• Directions for this task
Would you give the listing again exactly as written, minus its pictures?

⁂

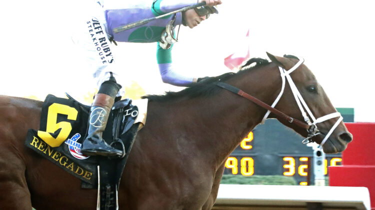 In his previous start, Renegade was a 3 ¾-length winner of the Sam F. Davis Stakes at 1 1/16 miles Feb. 7 at Tampa Bay Downs. That race, Renegade’s 3-year-old debut, generated a 93 Beyer Speed Figure, then a career high. Renegade ($1,031,500) surpassed $1 million in career earnings with his Arkansas Derby victory.
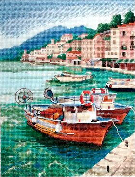 канва Aida 16 ct молочная, мулине Finca 28 цв., игла, инструкция и игла.
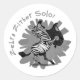 Uma zebra fica sobre as patas traseiras, tocando entusiasticamente uma árvore. Ao redor dele está o texto na moda "Zebra Zquer Solo!".
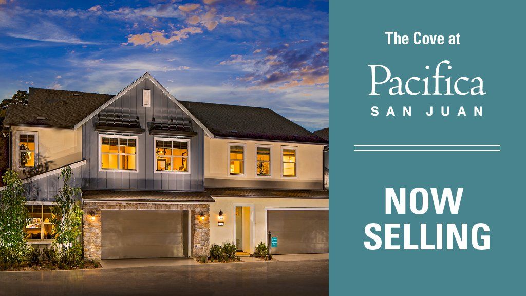 Luxury Attached Homes in San Juan Capistrano The Cove is the newest addition to the Pacifica San Juan master plan community in San Juan Capistrano, California. With American Farmhouse and Craftsman architectural styling, The Cove features 70 attached homes with three inspired open floor plans ranging from approximately 1,836 to 2,088 square feet. Learn More about Pacifica San JuanCOVE MODELS JUST RELEASED FOR SALE! Tour Residence One Tour Residence Two Tour Residence Three View Club PacificaDiscover the Amenities at Pacifica San Juan The luxury homes at Pacifica San Juan represent Southern California living at its best with desirable locations that are just a short drive from the ocean. Pacifica San Juan provides a unique opportunity to own a new home in San Juan Capistrano. It features a rare blend of quiet serenity, sense of community and luxurious coastal living. The entire master plan community includes gardens, lookouts, open space and both multi-use and equestrian trails. Click here to view the Pacifica San Juan site plan.Art and Culture The Cove at Pacifica San Juan residents will experience the charm of San Juan Capistrano's art, culture and history. The town is built around and named after the historic Mission San Juan Capistrano. There are several art galleries within city limits.Outdoor Activities Capitalize on San Juan Capistrano's beautiful weather by enjoying the outdoors. If golf sounds good, play a round and experience breathtaking views at San Juan Hills Golf Club or ask about a membership at Marbella Country Club in the lush rolling hills. If you take an interest in horses, San Juan Capistrano will cater to the equestrian in you.Plenty of Places to Eat and Shop San Juan Capistrano is home to several top-rated restaurants including Cedar Creek Inn, L'Hirondelle Restaurant, Ramos House Cafe and more.
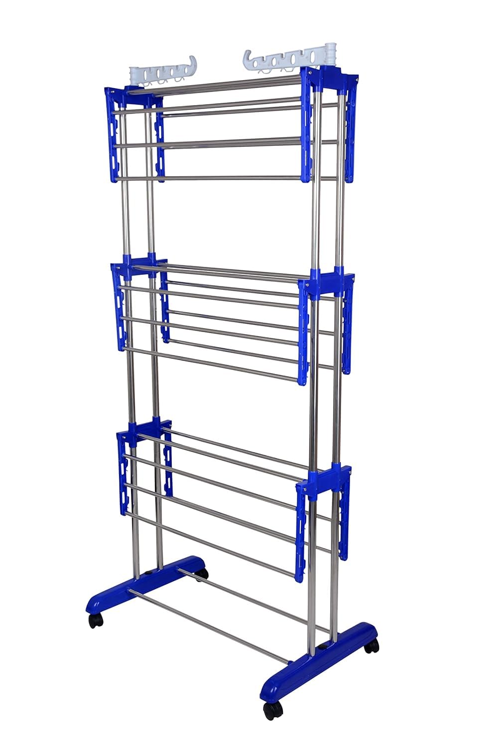 Introducing the Mega Clothing Stand in Royal Blue – the ultimate solution for your garment organization needs. This stylish garment stand features a durable steel hanger and a 3-tier folding design, perfect for hanging clothes in your bedroom or balcony. Use it as a clothes hanger for drying or as a stand for clothes organization. The clothes stand is made from high-quality steel, ensuring longevity and stability. Ideal for drying clothes, this versatile hanging stand for clothes fits seamlessly into any space. Whether you need a hanger stand for clothes for the bedroom or a wall clothes stand for drying, the Mega Clothing Stand is your go-to choice. Keep your garments neatly arranged and dry with this functional and elegant clothes stand.
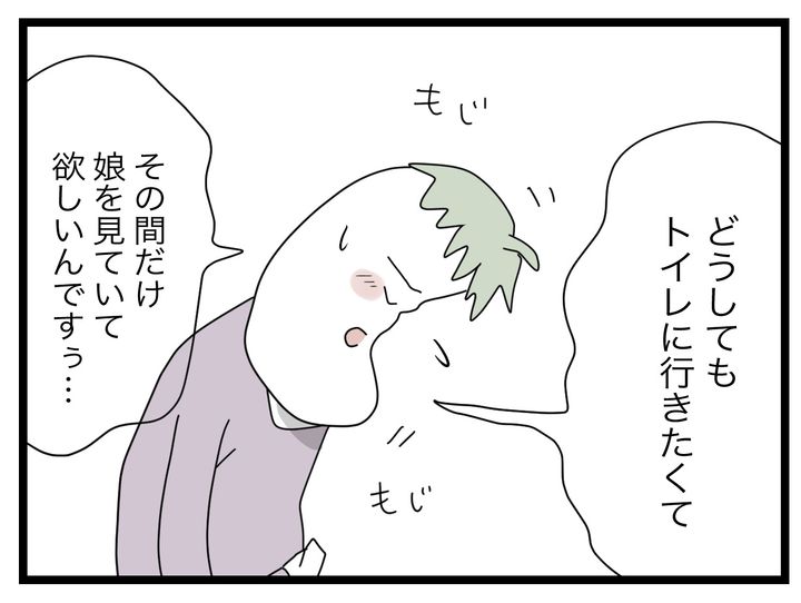 突然見知らぬパパさんに「娘を見ていてほしい」と言われたシズカ。事情を聞くと、パパさんが「トイレに行きたい」ので娘を預かってほしいのだそう。
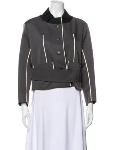 Prada Wool Biker Jacket From the 2015 Collection by Miuccia Prada Grey Pointed Collar Front Pocket & Button Closure Designer Fit: Designed for a slim fit, those with a curvy figure may wish to take one size up. | Prada 2015 Wool Biker Jacket in Grey, Women's US4, IT40 | S
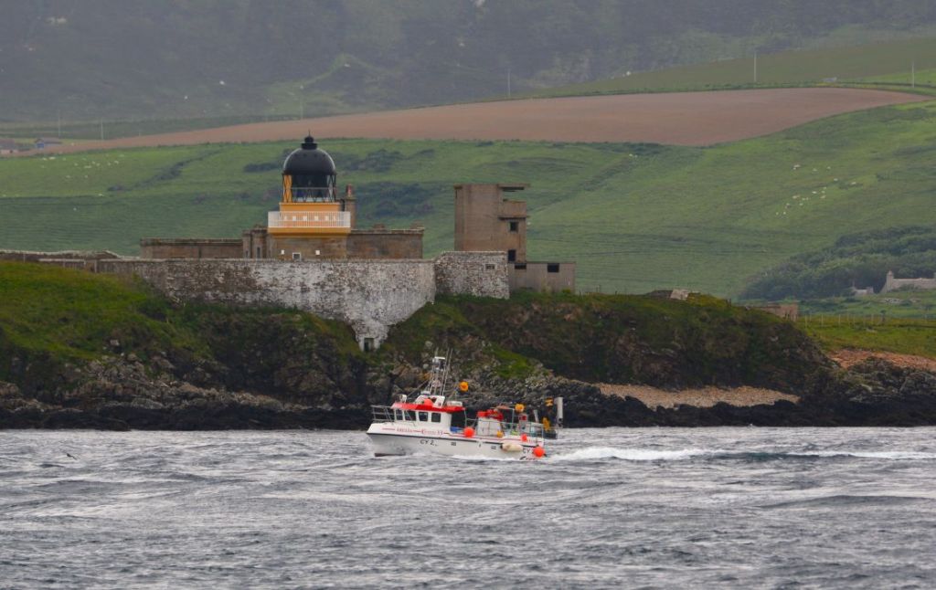 I’m not sure if the crew of this boat are rushing to vote but it’s hard working travelling against the ebb tide. Hoy Low lighthouse is keeping an eye on them.

⁂

• Your response
 In his previous start, Renegade was a 3 ¾-length winner of the Sam F. Davis Stakes at 1 1/16 miles Feb. 7 at Tampa Bay Downs. That race, Renegade’s 3-year-old debut, generated a 93 Beyer Speed Figure, then a career high. Renegade ($1,031,500) surpassed $1 million in career earnings with his Arkansas Derby victory.
 канва Aida 16 ct молочная, мулине Finca 28 цв., игла, инструкция и игла.
 Uma zebra fica sobre as patas traseiras, tocando entusiasticamente uma árvore. Ao redor dele está o texto na moda "Zebra Zquer Solo!".
 Luxury Attached Homes in San Juan Capistrano The Cove is the newest addition to the Pacifica San Juan master plan community in San Juan Capistrano, California. With American Farmhouse and Craftsman architectural styling, The Cove features 70 attached homes with three inspired open floor plans ranging from approximately 1,836 to 2,088 square feet. Learn More about Pacifica San JuanCOVE MODELS JUST RELEASED FOR SALE! Tour Residence One Tour Residence Two Tour Residence Three View Club PacificaDiscover the Amenities at Pacifica San Juan The luxury homes at Pacifica San Juan represent Southern California living at its best with desirable locations that are just a short drive from the ocean. Pacifica San Juan provides a unique opportunity to own a new home in San Juan Capistrano. It features a rare blend of quiet serenity, sense of community and luxurious coastal living. The entire master plan community includes gardens, lookouts, open space and both multi-use and equestrian trails. Click here to view the Pacifica San Juan site plan.Art and Culture The Cove at Pacifica San Juan residents will experience the charm of San Juan Capistrano's art, culture and history. The town is built around and named after the historic Mission San Juan Capistrano. There are several art galleries within city limits.Outdoor Activities Capitalize on San Juan Capistrano's beautiful weather by enjoying the outdoors. If golf sounds good, play a round and experience breathtaking views at San Juan Hills Golf Club or ask about a membership at Marbella Country Club in the lush rolling hills. If you take an interest in horses, San Juan Capistrano will cater to the equestrian in you.Plenty of Places to Eat and Shop San Juan Capistrano is home to several top-rated restaurants including Cedar Creek Inn, L'Hirondelle Restaurant, Ramos House Cafe and more.
 Introducing the Mega Clothing Stand in Royal Blue – the ultimate solution for your garment organization needs. This stylish garment stand features a durable steel hanger and a 3-tier folding design, perfect for hanging clothes in your bedroom or balcony. Use it as a clothes hanger for drying or as a stand for clothes organization. The clothes stand is made from high-quality steel, ensuring longevity and stability. Ideal for drying clothes, this versatile hanging stand for clothes fits seamlessly into any space. Whether you need a hanger stand for clothes for the bedroom or a wall clothes stand for drying, the Mega Clothing Stand is your go-to choice. Keep your garments neatly arranged and dry with this functional and elegant clothes stand.
 突然見知らぬパパさんに「娘を見ていてほしい」と言われたシズカ。事情を聞くと、パパさんが「トイレに行きたい」ので娘を預かってほしいのだそう。
 Prada Wool Biker Jacket From the 2015 Collection by Miuccia Prada Grey Pointed Collar Front Pocket & Button Closure Designer Fit: Designed for a slim fit, those with a curvy figure may wish to take one size up. | Prada 2015 Wool Biker Jacket in Grey, Women's US4, IT40 | S
 I’m not sure if the crew of this boat are rushing to vote but it’s hard working travelling against the ebb tide. Hoy Low lighthouse is keeping an eye on them.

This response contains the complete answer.